20. The court in its judgment had this to say about the complainant:
The only eyewitness is the complainant. Her testimony was candid………..
……My observation of her demeanour as she testified satisfied me that she is a truthful and credible witness….
21. Whereas on one hand I must remain alive to the fact that the trial court had the advantage of observing the demeanor of the witnesses and hearing them give evidence and to give allowance for that, I must also on the other hand revisit the evidence tendered before the trial court afresh, evaluate it, analyse it and come to my own independent conclusion on the matter.
22. I keenly revisited the evidence of the complainant. She testified that she knew the Appellant as a customer at the hotel she used to work at. She denied ever having any relationship with him. However, PW4 testified that in the course of the investigations the Appellant told him that he was only being framed for a failed relationship. As a good investigator, PW4 investigated the matter and truly confirmed that indeed the complainant and the Appellant had been in a relationship. The inevitable question is therefore why the complainant lied to the court. Further, the complainant stated that the events as she narrated them, took two hours. She was a University student at the time she testified and must have been well versed with time. Could the ordeal as stated have really taken two good hours? I suppose not.
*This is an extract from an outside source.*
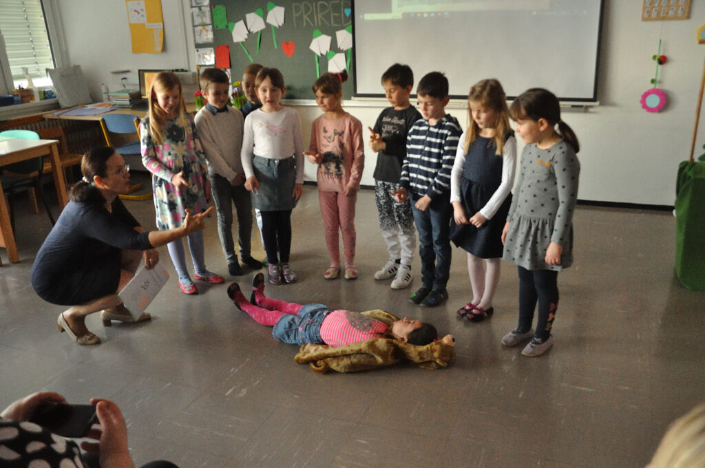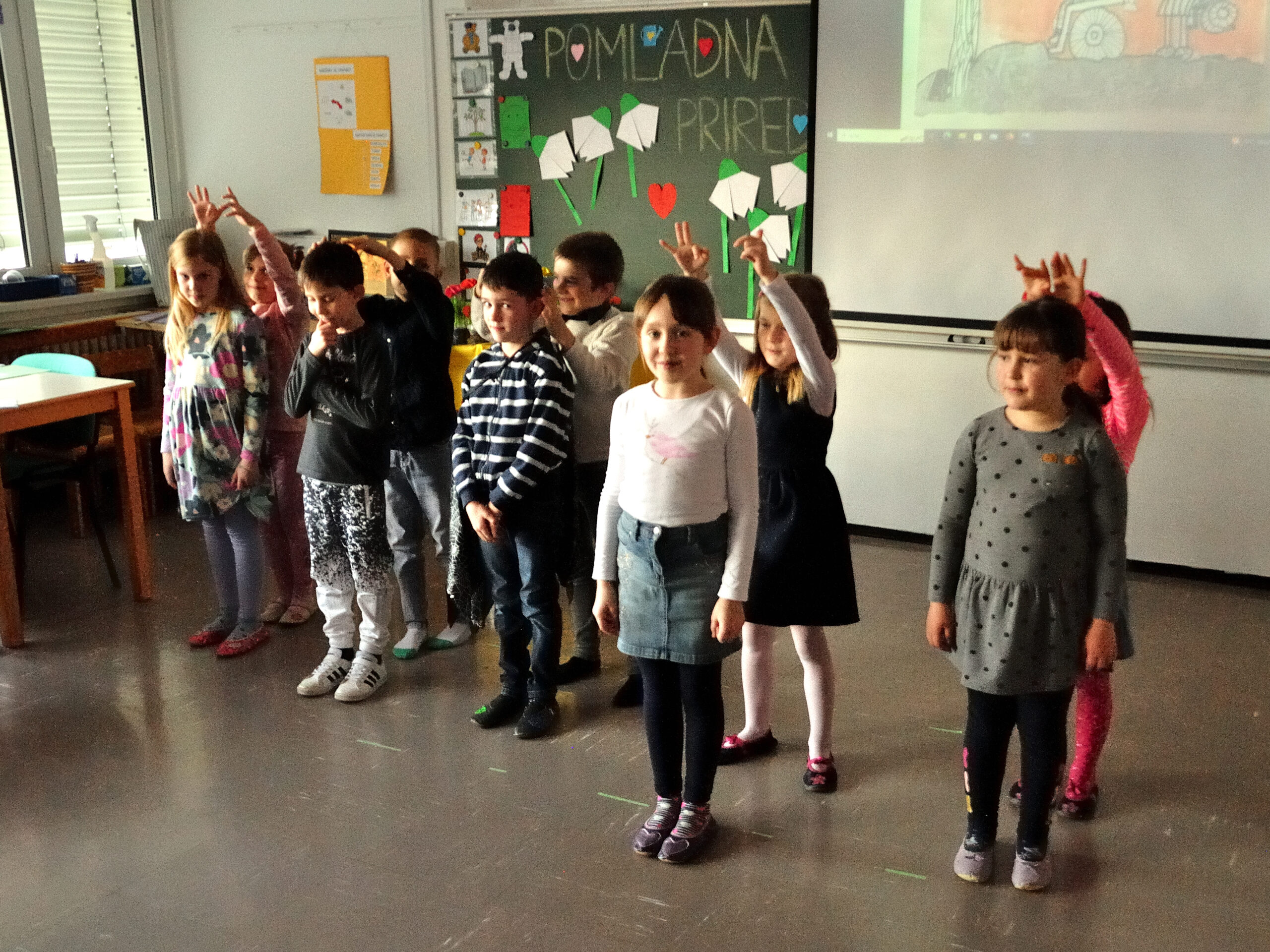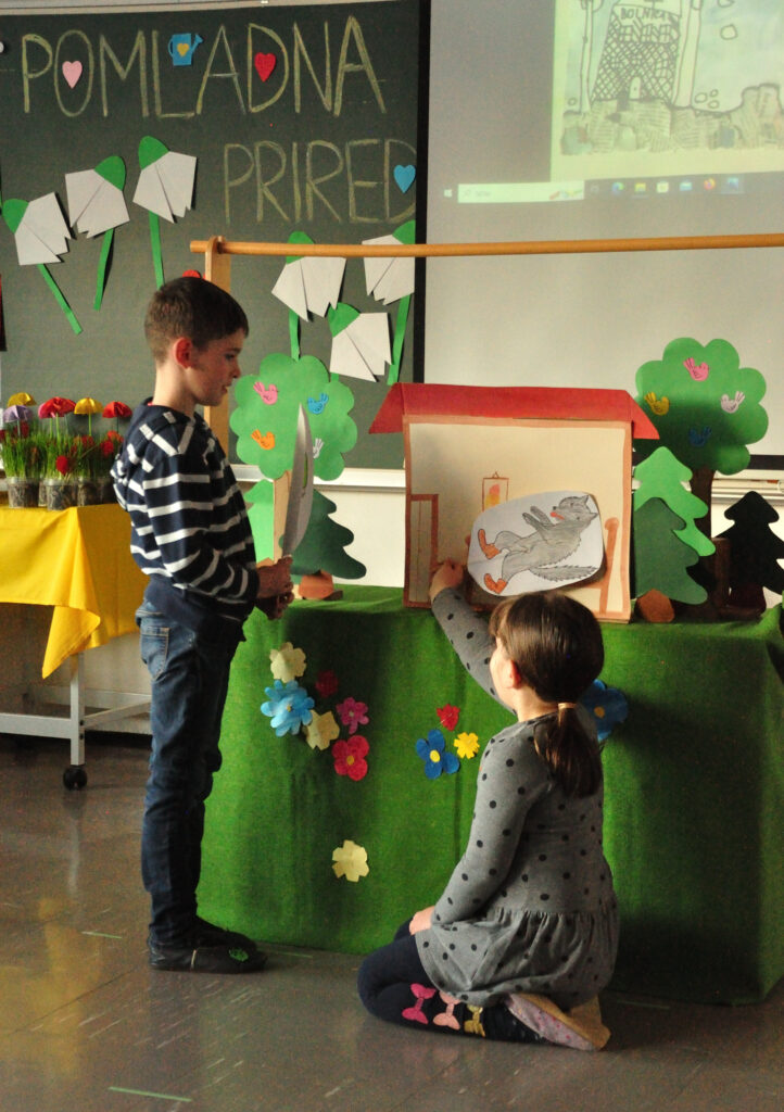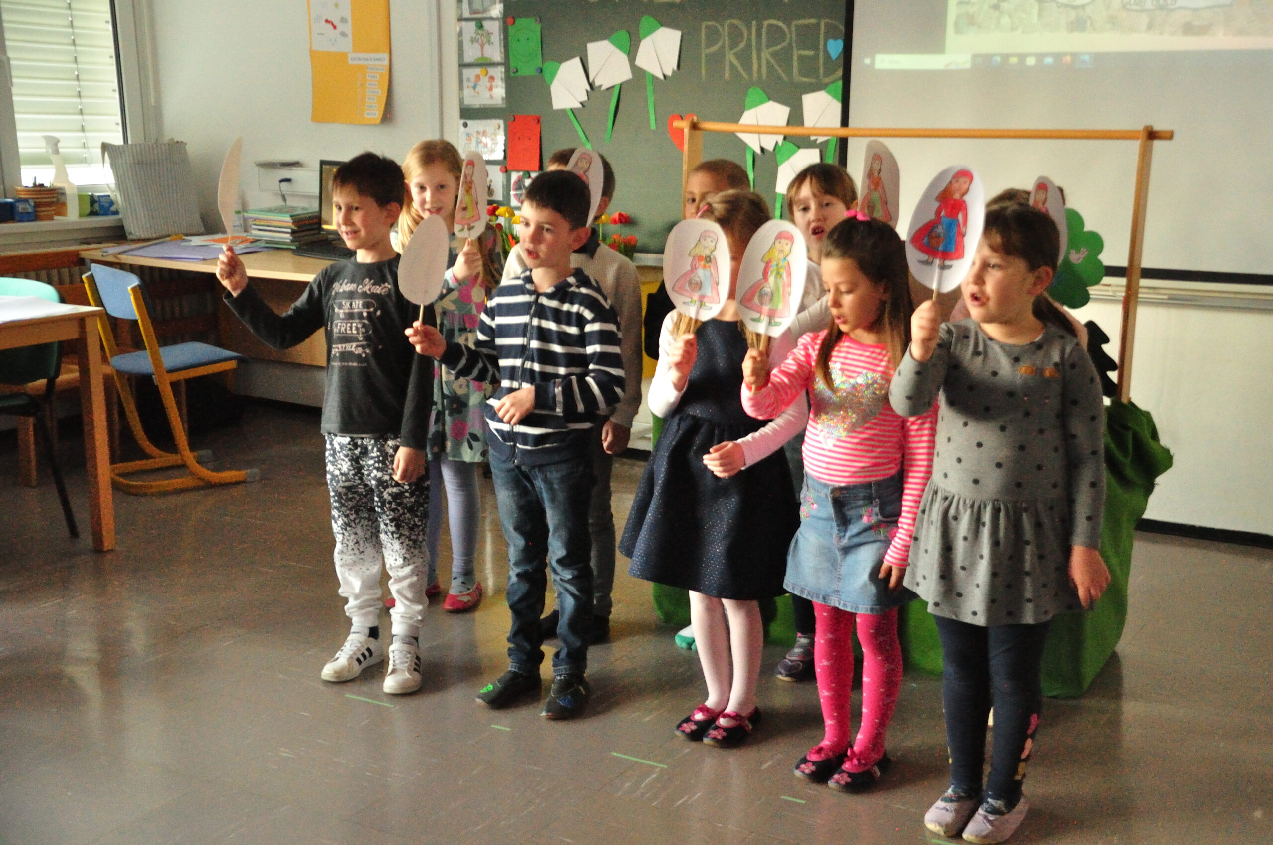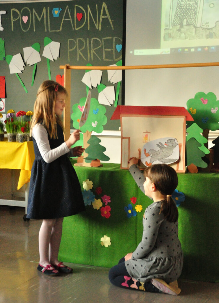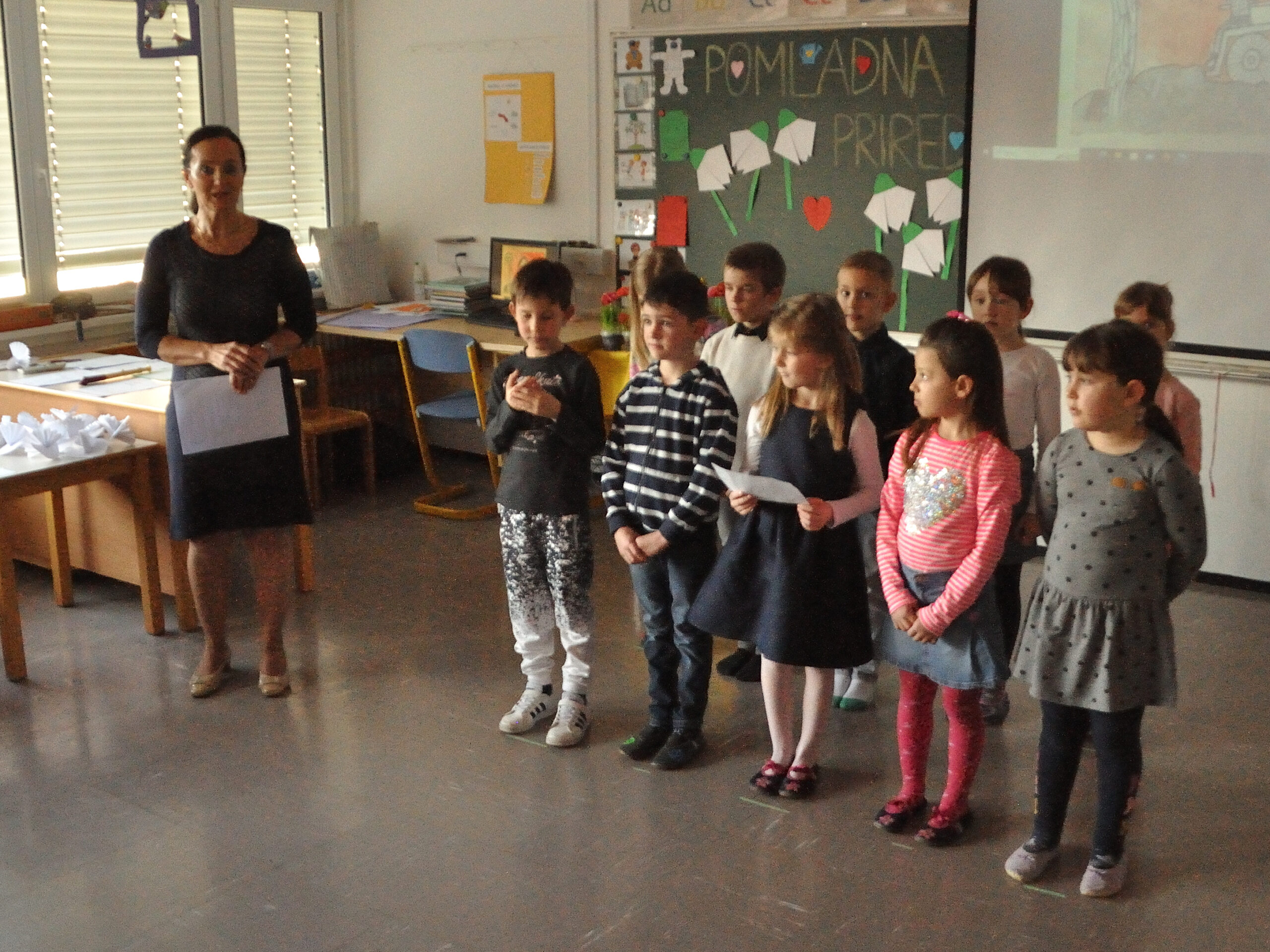 Prvošolci in njihovi starši so v torek, 21. 3. 2023 praznovali prihod pomladi. Ob 17. uri so se vsi zbrali v učilnici 1. razreda. Učenci so za starše pripravili pester program. Prav vsi so se predstavili, peli, igrali, recitirali, plesali in se igrali, predstavili pa so tudi likovni izdelek Pomoč potrebujemo vsi Skupina otrok je zaigrala lutkovno igrico Rdeča kapica. S pesmico Mali zvonček pa so otroci še enkrat sporočili, da je prišla pomlad in sonček naš zlat. Pesem Jaz imam pa goslice, rastoče žito in rožica iz papirja so bili prav posebno darilo otrok za mamice. Ob koncu prireditve je vse prisotne pozdravila ravnateljica Karmen Simonič Mervic in vsem zaželela svetlo, srečno in sončno pomlad.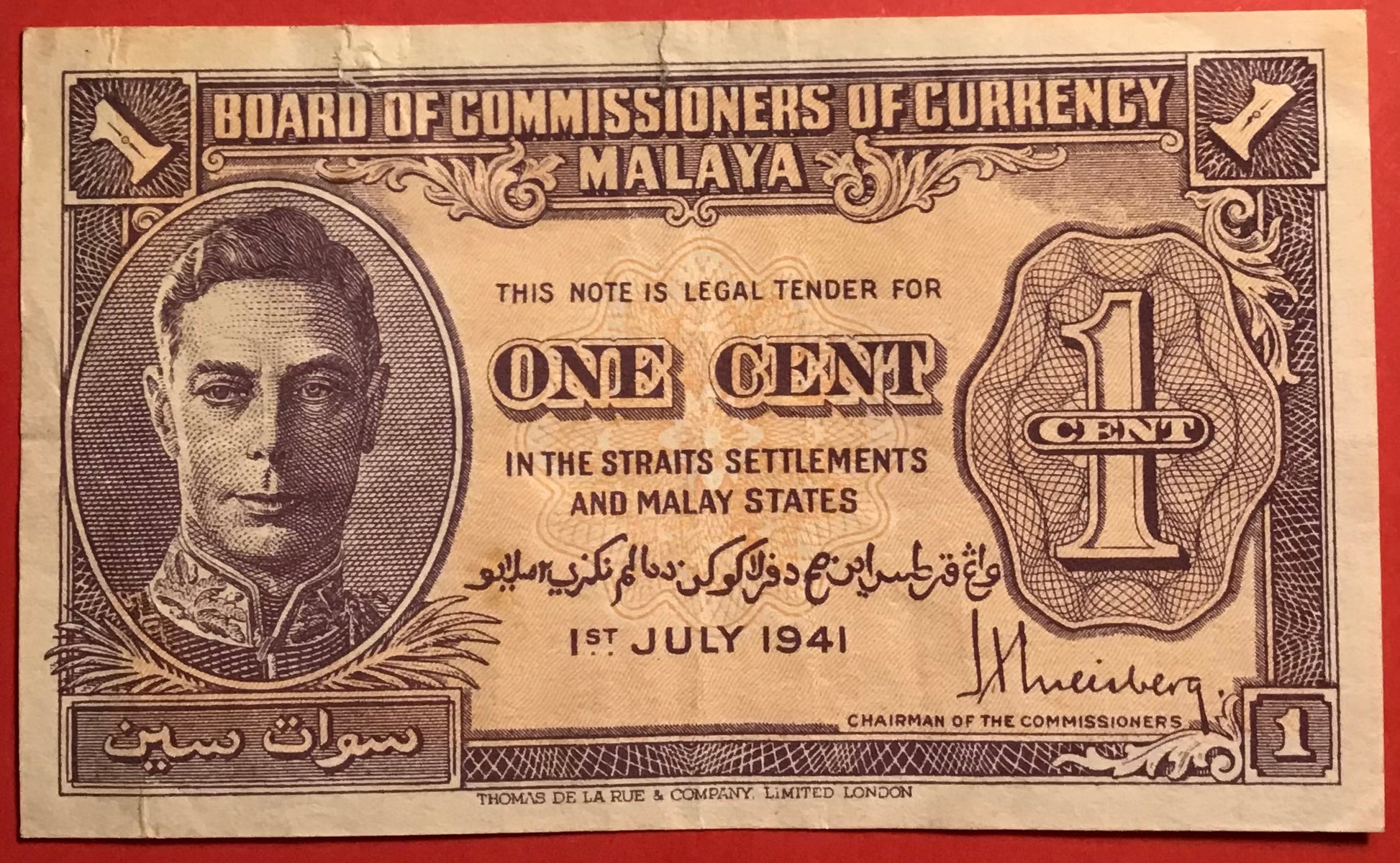 Malaya/Board Of Commissioners Of Currency - 1 Cent 1.7.1941 P#6 Kvalitet 1+

23. There was as well the unfinished business by PW4 who ought to have told the court if up on investigations there was any possibility of the complainant using the criminal justice system to settle scores with the Appellant. The defence raised by the Appellant was therefore corroborated by PW4. To me, the totality of the evidence on record portrayed the complainant as an untruthful witness who was out to mislead the court. She knew that she was lying to the court and insisted on it until when PW4 stated otherwise. The complainant did not lie for nothing, she had a pre-conceived target and it was obviously to settle scores with the Appellant on account of their failed relationship. With tremendous respect to the learned trial magistrate, I do not find the complainant as a truthful and credible witness. I therefore do not believe her testimony.
24. I must say that a witness who willingly choses to mislead the court runs the risk of discrediting his/her evidence. As choices have consequences, the complainant, a University Student, made an informed choice to avail herself as an untruthful witness and I so find her. Her evidence could therefore not found any conviction on either of the offences the Appellant faced.
25. The upshot is that there is only one way out in this appeal and is to allow it. The appeal is hence allowed, conviction quashed and sentence set-aside. The Appellant shall be set at liberty forthwith unless otherwise lawfully held.
Orders accordingly.
DELIVERED, DATEDand SIGNED at MIGORI this 08th day of March 2019.
A. C. MRIMA
JUDGE
Judgment delivered in open Court and in the presence of:
Brian Kennedy Odhiambo the Appellant in person.
Mr. Kimanthi, Senior Principal Prosecution Counsel instructed by the Office of the Director of Public Prosecutions for the State.